15 August, 2008

Dance with Me to the End of Love

I have more than once been asked more than once why I like this painting. I think it’s the stance of the people, the fact they are not facing us, the subtle tension between them. And then the name of the painting “Dance with Me to the End of Love.” To me this picture is about endurance, closeness, patience, and being there – come whatever does…

I was challenged the other day to “ask for help.” I have been in a reclusive melancholy recently but far from turning inward I feel I have done a lot of the opposite. It is not my personality to call someone and say, “I am having a bad day.” It never will be and I make no apologies for that. But I have talked to people about what’s going on and at the end of the day I just don’t know.
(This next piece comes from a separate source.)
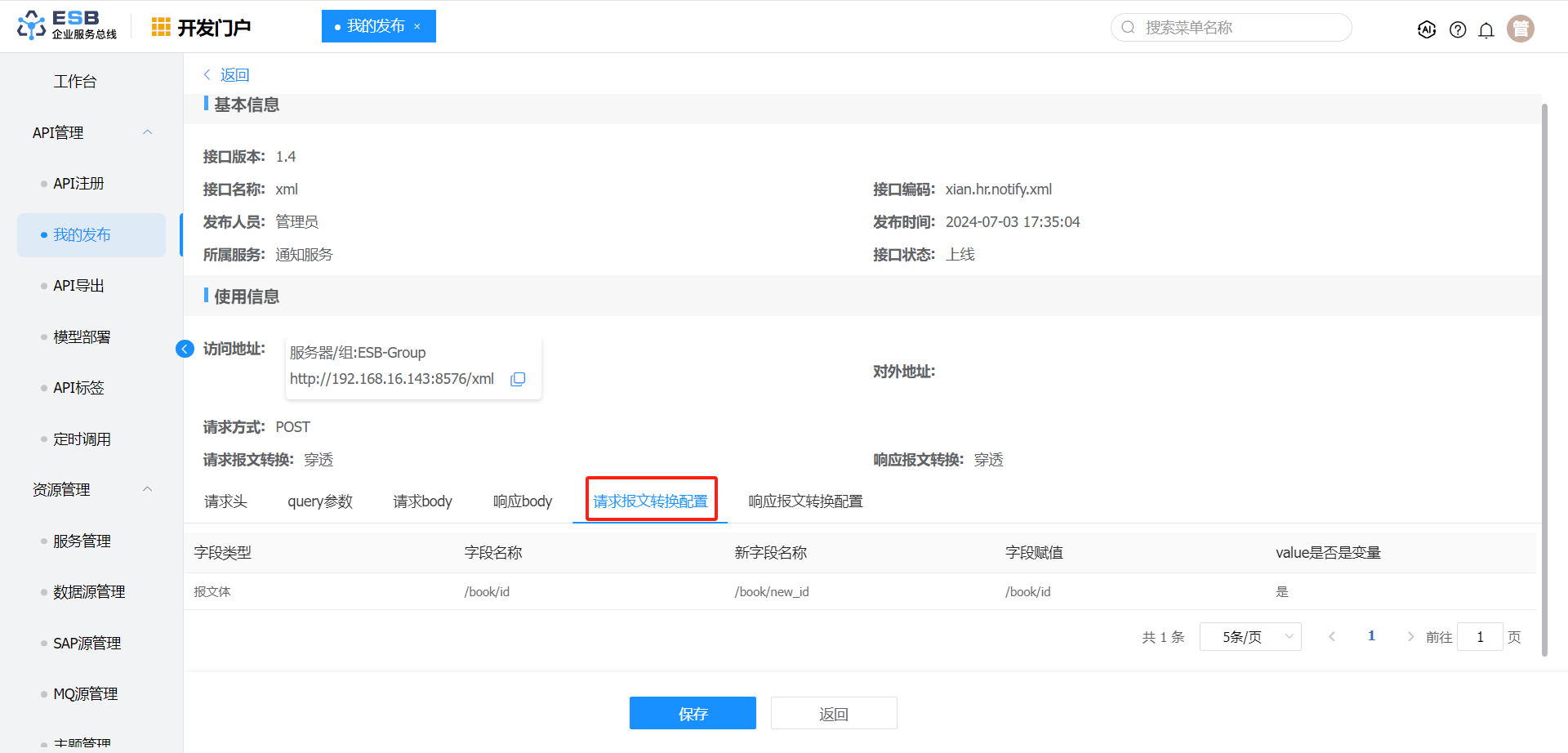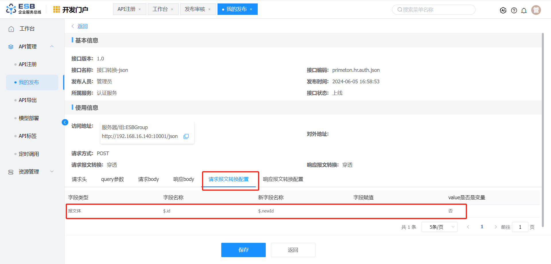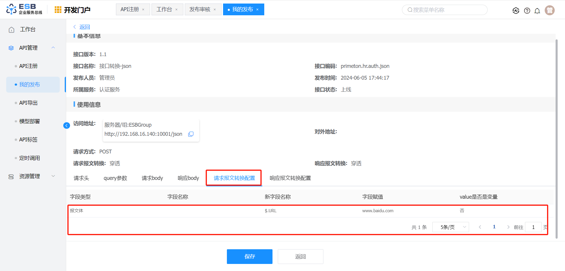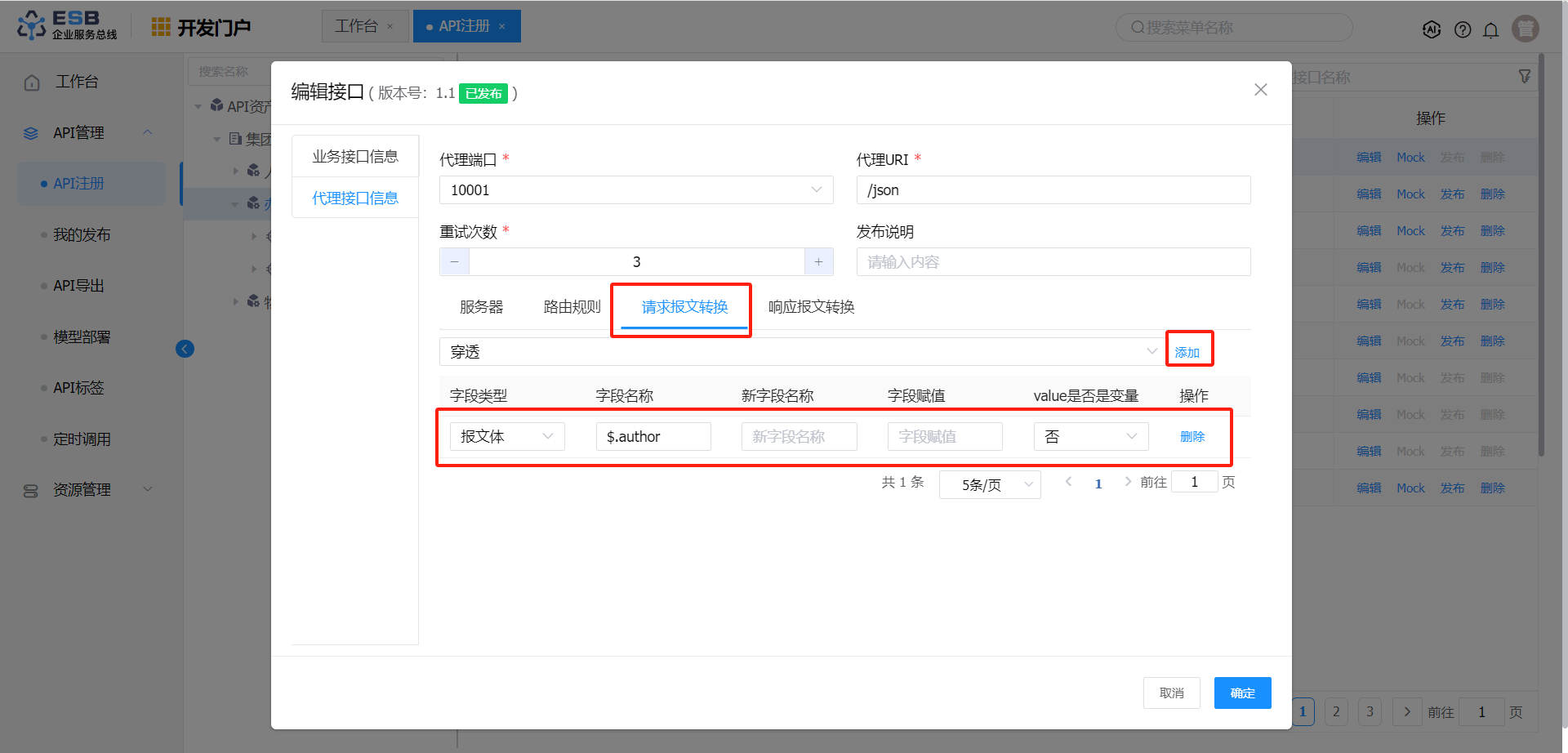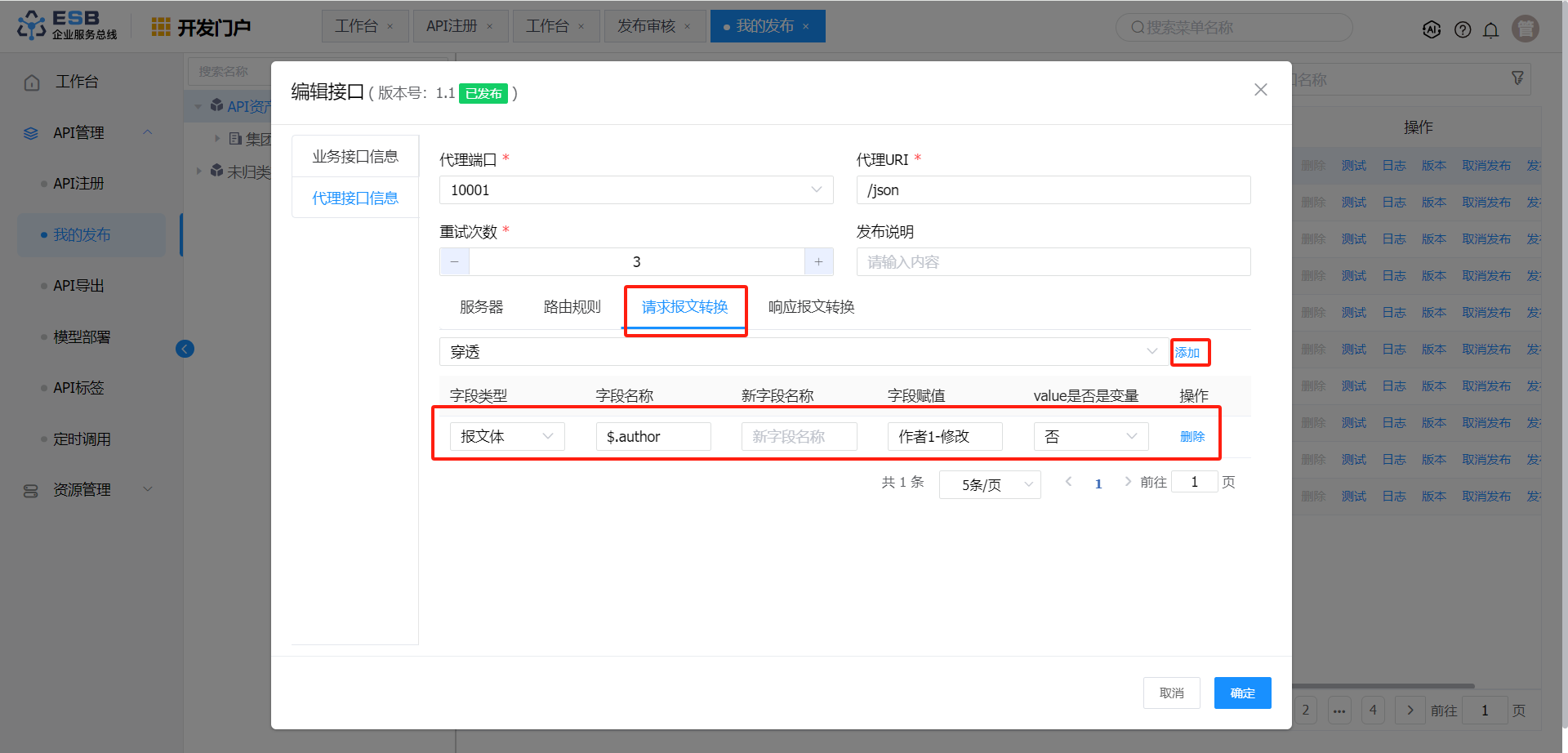 请求报文转换 报文体 $.author 作者1-修改 否

Am I lonely? Yeah. I said goodbye to a number of people who really care about me, and the handful of friends left in DC have apparently disappeared with the summer… So, yeah, things are kind of solitary right now. I had some good friends come see me this summer (which I loved) but it only reminded me of what I have not found in DC.

Am I being reclusive? Sure, but I don’t know how else to be. I feel like I have thrown up the white flag. I admitted my isolation in small group, I have talked about it to almost everyone in my family (and some friends) I have waited for people to notice I’m not there – and very few have. I am a large advocate for you make time for who you want to. And not that I am going to sit back and leave it all to you – but there are only so many times I can call.

And this isn’t to make anyone feel bad. Please hear that. It’s just more that I think I have cried out for help. I would talk if someone would listen – but I’ve felt of second rate importance by too many people and if you know me at all…

Again this isn’t to make anyone feel bad. I’m tired of this too. In the midst of the isolation is the voice inside me that says it doesn't have to be this way. Some of the things going on are human related. I miss people. I am starved for community. But other parts of it have to be fought on my own. You can't go to God for me, you can't plead my case or take my pain. You can't go through this refining process for me (more on that some other time...)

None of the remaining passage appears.